Wigan Council and partners implemented a targeted, insight-led programme to increase uptake of the Measles, Mumps and Rubella (MMR) vaccine in response to rising measles cases and declining vaccination coverage.
Synopsis
Focusing on underserved populations, including young adults, deprived communities and migrant groups, the programme combined community engagement, flexible vaccination delivery and targeted communications. Over 2,800 residents were engaged and more than 100 vaccinations delivered through outreach activity. The programme highlighted the importance of trusted community relationships, data-informed targeting and integrated working across partners. Key learning has informed future approaches to improving vaccination uptake and reducing health inequalities.
Background: What inspired it?
In 2025, increasing measles cases nationally and suboptimal local vaccination coverage prompted action across Wigan. While uptake for the first dose of MMR was relatively high, MMR2 coverage (90.6 per cent) remained below the 95 per cent threshold required for herd immunity.
Variation across neighbourhoods and evidence of lower uptake in underserved groups, including deprived communities and migrant populations, highlighted the need for a more targeted and locally informed approach.
Objectives: What did you want to achieve?
The programme aimed to:
- increase MMR vaccination uptake, particularly MMR2
- reduce inequalities in access and uptake
- improve awareness and confidence in vaccination
- strengthen partnership working across health, local authority and community sectors
- test targeted approaches to engagement and delivery.
Approach: How was the project delivered?
A multi-faceted, partnership approach was developed, combining data insight, community engagement and flexible delivery models.
Targeted engagement
Priority cohorts were identified using local data and frontline insight, including:
- young adults (16 to 29 years old)
- residents in deprived communities
- migrant populations.
Engagement was delivered through:
- family Hubs, community centres and colleges
- faith and voluntary sector organisations
- community events and outreach sessions.
Culturally appropriate messaging was developed, including work with Romanian communities through trusted local partners, enabling myth-busting conversations in familiar settings.
Flexible delivery models
Different providers delivered complementary approaches:
- GP Alliance: Caccination clinics (including evenings/weekends) and a Mobile Consultation Unit reaching homeless and vulnerable groups.
- Federation Healthcare: Community outreach combined with pop-up clinics and education sessions.
- Health First CIC: High-volume engagement and insight gathering in community settings.
Communications
A targeted communications campaign used digital and physical channels, generating over 1.6 million impressions to raise awareness and prompt action.

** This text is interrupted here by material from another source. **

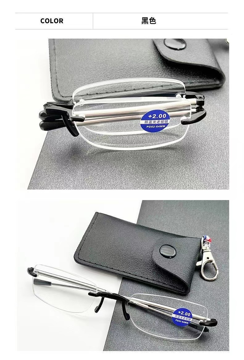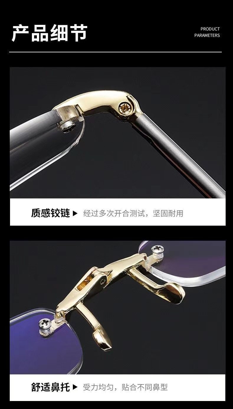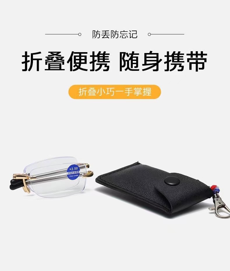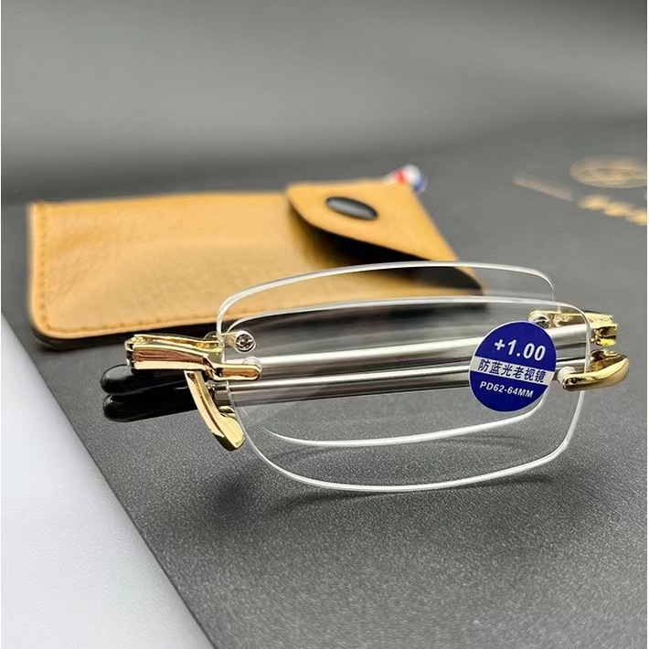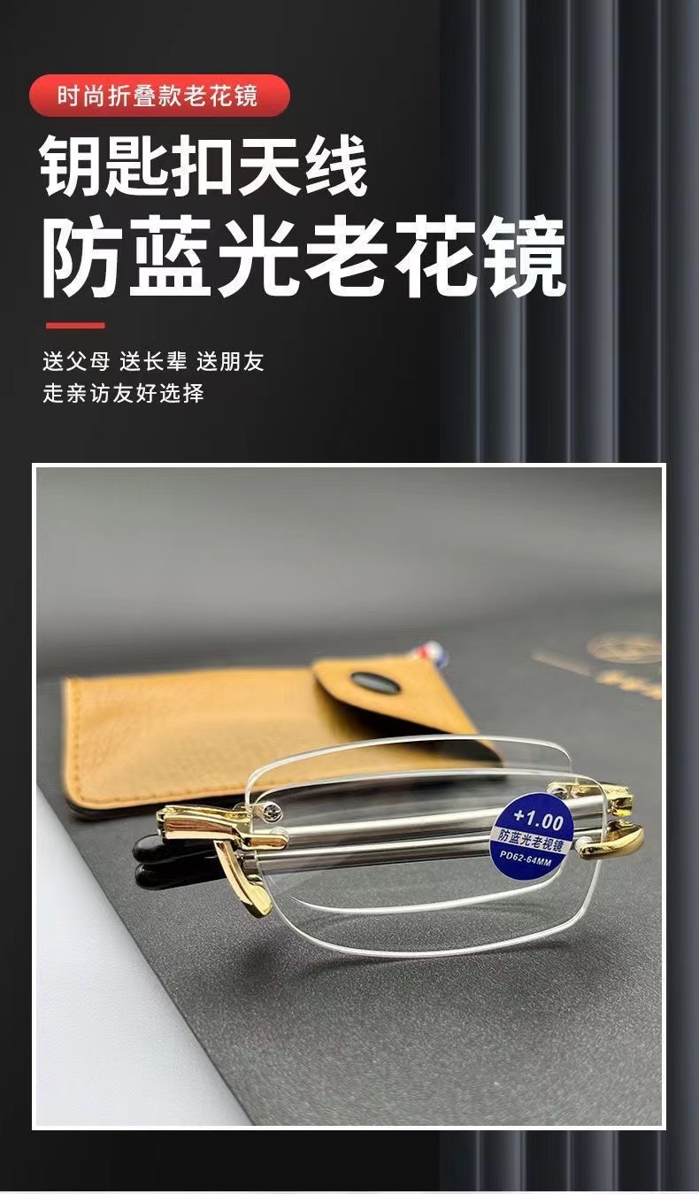 새로운 초경량 프레임리스 다이아몬드 컷 노안 안경 남성 키 체인 휴대용 접이식 안티 블루 라이트 노안 안경 도매스토어 가기

Impact: Ehat difference did it make?
The programme achieved measurable reach and engagement:
- over 2,800 residents engaged across providers
- Sixty nine community engagement sessions delivered
- over 100 vaccinations delivered through targeted activity
- significant digital reach through targeted communications.
Qualitative impact included:
- increased awareness and understanding of MMR
- improved trust through use of community leaders and familiar settings
- stronger partnership working across organisations.

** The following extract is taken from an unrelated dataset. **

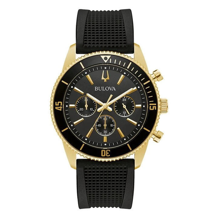 Bulova 98A250 Gold Tone Black Silicon Strap Watch - W09206

However, conversion from engagement to vaccination varied, with some models achieving higher uptake than others.
Learning: What have you learnt?
Several key lessons emerged:
- Targeted approaches are more effective than universal messaging, particularly when informed by local insight.
- Trusted community relationships are critical in addressing hesitancy.

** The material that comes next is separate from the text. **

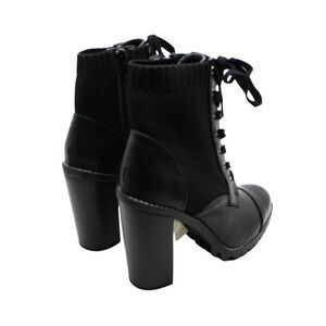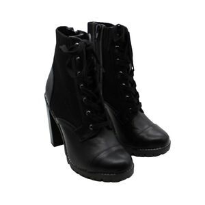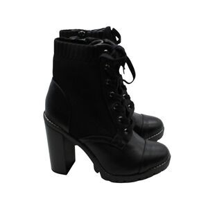 BCBGENERATION Womens Black Stretch Cushioned Lug Sole Lace Pilas Cap Toe Block Heel Zip-up Booties 7.5 M

- Co-locating engagement and vaccination (or providing rapid follow-up) improves uptake.
- Data quality is essential, with miscoding identified as a barrier to effective targeting.
- Engagement alone is insufficient - conversion to vaccination must be actively designed.
What would you do differently?
- strengthen data collection and reporting to better measure impact
- improve integration between engagement and vaccination delivery
- introduce behavioural approaches to reduce missed appointments
- focus more explicitly on conversion rates, not just engagement
- develop and embed a community champion model earlier.
Recommendations for other councils
- use local data and frontline insight to identify priority groups
- work with trusted community organisations and leaders
- combine engagement with accessible, flexible delivery options
- ensure strong data systems and reporting mechanisms are in place
- focus on outcomes (vaccination uptake), not just activity levels
- build sustainable partnership models across sectors.